WORK REQUIRED
Starting at the line that contains "Clarks Artisan Cream" and stopping at the line that contains "微商爆款阿玛家简约男表多功能石英六针小秒商务钢带男士手表批发", restate each line of the records below exactly. Omit the pictures.

THE DATA

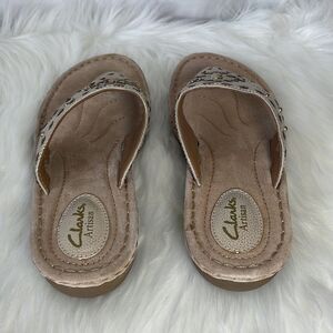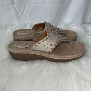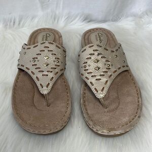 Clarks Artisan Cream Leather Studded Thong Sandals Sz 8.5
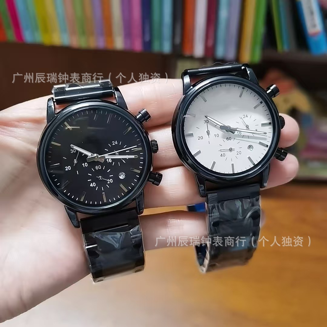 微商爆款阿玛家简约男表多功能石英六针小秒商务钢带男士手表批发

==

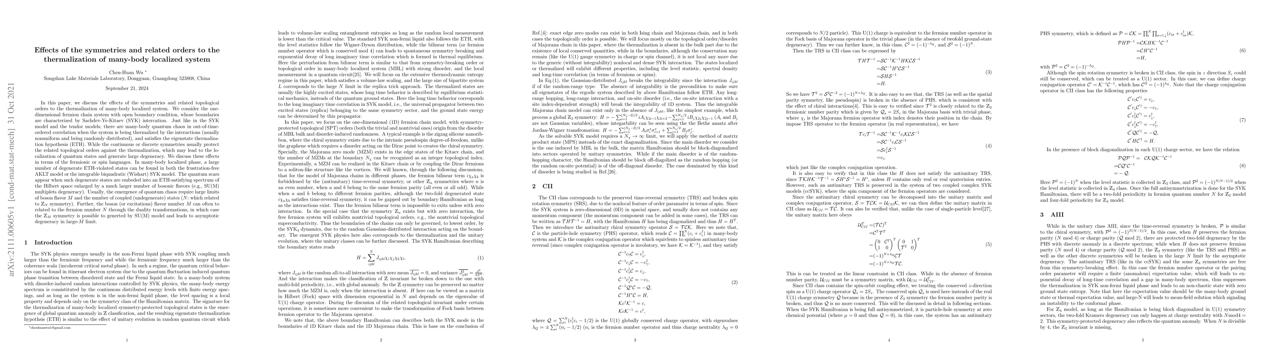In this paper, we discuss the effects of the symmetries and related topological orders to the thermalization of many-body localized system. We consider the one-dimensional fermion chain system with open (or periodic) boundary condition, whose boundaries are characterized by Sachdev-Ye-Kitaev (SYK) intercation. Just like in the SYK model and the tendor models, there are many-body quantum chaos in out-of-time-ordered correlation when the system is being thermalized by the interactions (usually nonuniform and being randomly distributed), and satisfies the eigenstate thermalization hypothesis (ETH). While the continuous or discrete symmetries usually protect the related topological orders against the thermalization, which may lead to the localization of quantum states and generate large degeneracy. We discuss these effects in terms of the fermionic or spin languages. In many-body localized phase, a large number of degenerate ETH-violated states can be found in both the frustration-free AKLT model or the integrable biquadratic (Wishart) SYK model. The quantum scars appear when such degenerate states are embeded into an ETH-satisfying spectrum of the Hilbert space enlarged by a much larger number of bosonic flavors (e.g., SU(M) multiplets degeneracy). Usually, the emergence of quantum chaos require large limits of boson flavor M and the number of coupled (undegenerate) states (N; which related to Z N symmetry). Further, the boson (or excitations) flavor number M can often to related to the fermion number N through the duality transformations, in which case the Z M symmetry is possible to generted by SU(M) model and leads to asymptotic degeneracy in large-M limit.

ANSWER BELOW
 Clarks Artisan Cream Leather Studded Thong Sandals Sz 8.5
 微商爆款阿玛家简约男表多功能石英六针小秒商务钢带男士手表批发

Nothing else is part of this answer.